Minds Alive by Patricia A. Demers
Author:Patricia A. Demers
Language: eng
Format: epub
Publisher: University of Toronto Press
Changes within (and outside) the Archival Community
A lot has happened over the past thirty years. Many of the changes we have witnessed have challenged the notion of a profession, namely the immersion into the digital era; the growth of Indigenous populations and other communities in caring for their documentary heritage; the emergence of social justice and ethical practices as primary components of the archival mission; the appearance of the citizen archivist as a potential equal partner with other archivists; the increasing depth and expanding breadth of archival education and research; and the constitution of new archival fields. In my estimation, these and other developments have transformed how archivists think of themselves as professionals and how others see them. We are a very different profession.
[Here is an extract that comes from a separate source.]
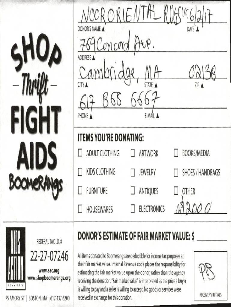 A100 OK OG err ()PI fit DONOR IS NAMES FIGHT AIDS AID S CONFEDERAL TAX I.D. #222707246 www.aac.org www.shopboomerangs.orgCOMMITTEE75 EMORY ST I BOSTON, MA I 617.437.6200DATE71.1 CYT Cry CBI L3fk like.
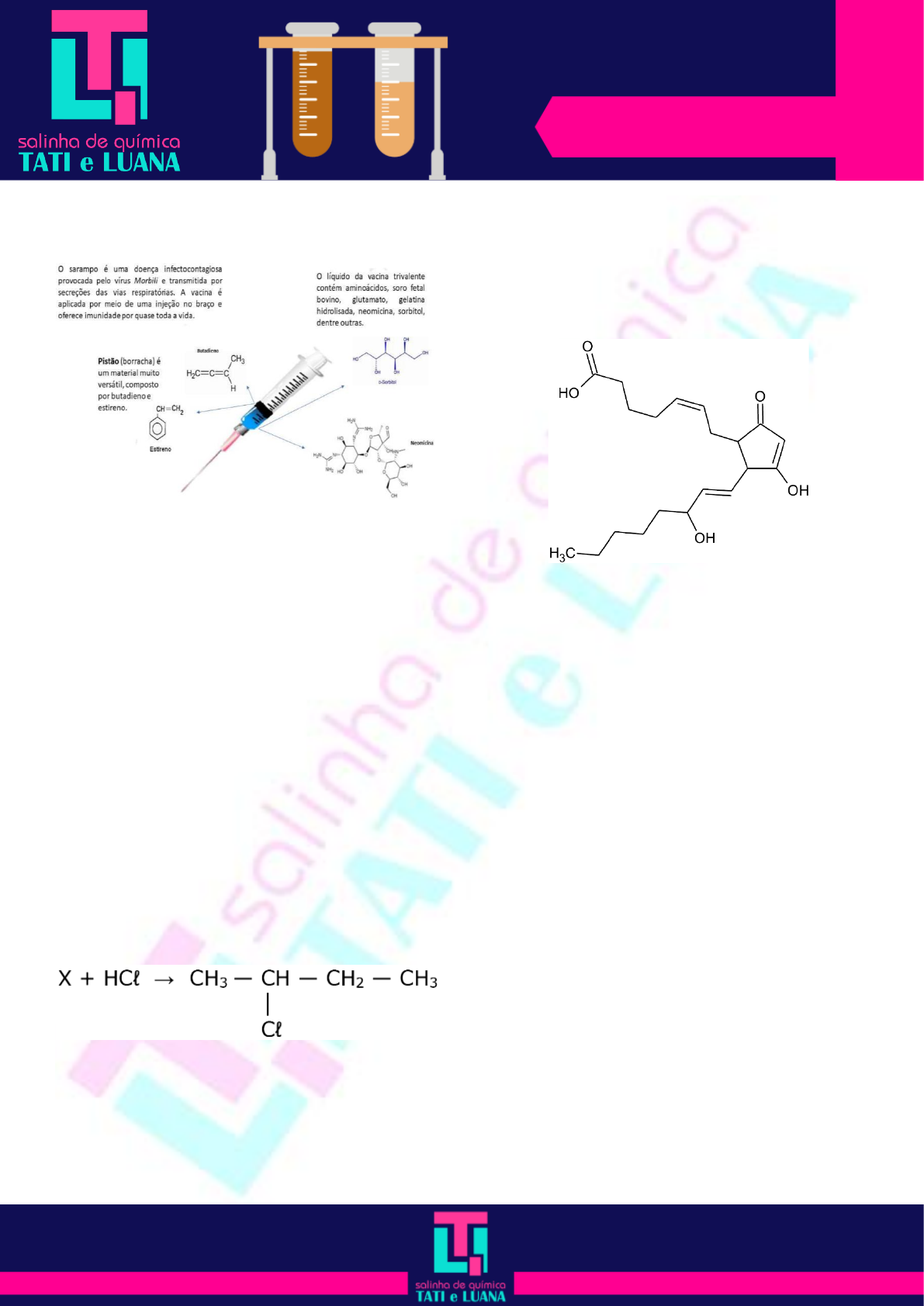 REAÇÕES DE ADIÇÃO L ista 4 7 QUESTÃO 1 (UFU MG) O sarampo é transmitido quando um indivíduo não imunizado entra em contato com secreções respiratórias de pessoas que possuem o vírus – seja pela ingestão seja pela inalação. O melhor modo de proteger as pessoas é pela vacinação que, por sua vez, mobiliza a indústria química para a produção dos materiais necessários à imunização, conforme indicado na figura acima. Sobre os materiais químicos presentes no processo de imunização das pessoas para prevenção do sarampo, faça o que se pede. a) Equacione a reação de hidrogenação catalítica total do butadieno (C4H6), que ocorre semelhantemente à do alceno, indicando o nome químico (segundo IUPAC) do produto formado. b) Explique como ocorre a interação entre o poliálcool sorbitol (C6H14O6) com moléculas de água. QUESTÃO 2 (UECE) Na reação representada por , X pode ser substituído por a) but-2-ino. b) ciclobutano. c) but-1-eno. d) butano. QUESTÃO 3 (UniRV GO) As prostaglandinas são sinalizadores celulares que estimulam as reações inflamatórias nos tecidos que as produziram assim como nos tecidos adjacentes. Na estrutura a seguir, é exemplificada a prostaglandina E2. Baseando-se na prostaglandina E2, assinale V (verdadeiro) ou F (falso) para as alternativas. a) A prostaglandina E2 pode sofrer uma reação de esterificação intracadeia. b) Na presença de I2 em meio de CCl4, a prostaglandina E2 sofre reações de adição eletrofílica. c) Ocorrem os isômeros de tautomeria na cadeia aberta da prostaglandina E2. d) A fórmula molecular da prostaglandina E2 é C20H30O5. QUESTÃO 4 (PUC Camp SP) A margarina é produzida a partir de óleo vegetal, por meio da hidrogenação. Esse processo é uma reação de I na qual uma cadeia carbônica II se transforma em outra III saturada. As lacunas I, II e III são correta e respectivamente substituídas por a) adição − insaturada − menos b) adição − saturada − mais c) adição − insaturada − mais d) substituição − insaturada − menos e) substituição − saturada − mais REAÇÕES DE ADIÇÃO L ista 4 7 QUESTÃO 5 (Faculdade Santo Agostinho BA) Algumas reações químicas são regiosseletistas, isto é, uma das direções da reação na formação do produto ocorre, preferencialmente, em relação à outra direção. Isso ocorre na adição do ácido clorídrico ao propeno resultando como produto o a) 1-cloropropano. b) 1-cloropropeno. c) 2-cloropropano. d) 2-cloropropeno. QUESTÃO 6 (UEPG PR) Com relação aos compostos abaixo, assinale o que for correto. 01. A estrutura do composto III é mais tensionada que a do composto I. 02. O composto IV não reage com H2. 04. O composto IV é mais estável que o composto II. 08. Os ângulos entre as ligações para os compostos I e II apresentam os mesmos valores. 16. Em uma reação com H2, o composto I é mais reativo que o composto III. QUESTÃO 7 (UCS RS) Um estudante de Química da 3a série do Ensino Médio foi incumbido por seu professor de descartar corretamente duas substâncias químicas, líquidas e incolores (uma de cicloexeno e, outra, de benzeno) que se encontravam em dois frascos. A separação de substâncias químicas em um laboratório é extremamente importante do ponto de vista da sustentabilidade e da gestão ambiental, uma vez que cada uma delas deve ser acondicionada em um contêiner específico para receber o tratamento adequado. Aqui, nessa situação em particular, o cicloexeno deve ser separado do benzeno, pois este último é um hidrocarboneto aromático. O problema é que os rótulos dos dois frascos, que continham as substâncias, estavam completamente danificados, tornando impossível a respectiva identificação por simples leitura. Ao relembrar de suas aulas sobre reações orgânicas, o estudante resolveu realizar um experimento bastante simples, sob a supervisão do professor, para descobrir em que frasco estava cada uma dessas substâncias. O experimento consistiu em adicionar à temperatura ambiente cerca de 1,0 mL de uma solução de coloração laranja de Br2 em 4CC a um mesmo volume de líquido de cada uma das substâncias identificadas pelos acrônimos (A) e (B) e, na sequência, em agitar os tubos de ensaios por alguns segundos. No tubo de ensaio (A), a solução de Br2 descoloriu quase que instantaneamente, enquanto que, no tubo de ensaio (B), o sistema ficou com a coloração laranja. O esquema da figura abaixo ilustra, de forma simplificada, o experimento realizado pelo estudante. Em relação ao experimento realizado, assinale a alternativa correta. a) A substância química no tubo de ensaio (A) é o benzeno. b) A substância química no tubo de ensaio (B) é o cicloexeno. c) A reação que ocorre no tubo de ensaio (A) dá origem ao 1,2-dibromocicloexano. d) A reação que ocorre no tubo (B) dá origem ao 1,2- dibromobenzeno. e) As fórmulas mínimas do cicloexeno e do benzeno são, respectivamente, C6H8 e C6H6. QUESTÃO 8 (UEM PR) Assinale o que for correto sobre a reatividade do but-1-eno, do but-1,3-dieno e do benzeno. 01. O but-1-eno sofre adição na presença de HBr, formando o 2-bromobutano. 02. O 1-bromo-but-2-eno é um dos produtos obtidos pela reação de um mol de but-1,3-dieno com um mol de HBr. 04. O benzeno sofre adição na presença de Br2, formando o 1,2-dibromobenzeno. 08. O benzeno não reage com HBr, mas reage com HF, que é um ácido mais forte. REAÇÕES DE ADIÇÃO L ista 4 7 16. O but-1-eno reage com Br2 na ausência de um catalisador. QUESTÃO 9 (Fac. Israelita de C. da Saúde Albert Einstein SP) Os cicloalcanos reagem com bromo líquido (Br2) em reações de substituição ou de adição. Anéis cíclicos com grande tensão angular entre os átomos de carbono tendem a sofrer reação de adição, com abertura de anel. Já compostos cíclicos com maior estabilidade, devido à baixa tensão nos ângulos, tendem a sofrer reações de substituição. Considere as substâncias

As digital information technologies took hold, archivists grappled with the issues they posed. They wondered if the basis of their knowledge, fabricated in the analogue world, was being undermined or even obliterated. There was also increasing speculation that there would be a convergence of various information professions (librarianship, archivy, records management, knowledge management, and museum curation) into something new, even if it was unclear what that would be (see Myburgh). Obviously these interests in and predictions about convergence continue, as others in this volume, such as Edwards, suggest. All of these fields shared a common interest in the “document” and its importance in providing information, evidence, memory, and accountability – even if the definition of document was becoming much broader.2 The result was a blurring of any distinctive qualities of what we have normally associated with a profession. Whereas only a generation or two before archivists had focused on the distinctive aspects that separated them from other information professionals and related fields like historical and cultural studies, now they looked for what melded them together, and, in this case, it seemed to be the growth in ever more powerful and ubiquitous information technologies. Some of these issues and questions remain unresolved.
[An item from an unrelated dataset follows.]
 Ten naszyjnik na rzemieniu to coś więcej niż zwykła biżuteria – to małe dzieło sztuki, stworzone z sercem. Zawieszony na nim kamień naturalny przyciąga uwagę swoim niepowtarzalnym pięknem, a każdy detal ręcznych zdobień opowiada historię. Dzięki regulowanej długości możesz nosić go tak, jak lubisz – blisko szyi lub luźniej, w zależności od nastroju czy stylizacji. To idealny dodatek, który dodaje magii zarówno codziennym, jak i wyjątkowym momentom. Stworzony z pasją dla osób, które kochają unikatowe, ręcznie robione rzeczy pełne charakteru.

We are witnessing a new attentiveness to the value of archives in our digital world, an interest that seems to be unabashedly sympathetic, even nostalgic, in how it perceives old documents.3 Technologists seem intent on assuring us that nothing will be lost in our digital world, even going so far as to suggest that the new digital systems will enable us to preserve in better ways traditional paper records, or to save everything that is created (see Morozov, To). How are various scholars and pundits writing about documents and archives, seeming to affirm that the more romantic interests in archives remain valid even as we struggle with enormous technical challenges such as represented in the debates about big data and digital stewardship? Archives ground us in both time and place, supporting our self-awareness and identity. The new technologies, even with their networking emphasis, threaten to tear us apart, and this has profound consequences for how we perceive ourselves as professionals and what we offer society.
One of the assumed features of recordkeeping and information management was control (see Beniger, Yates).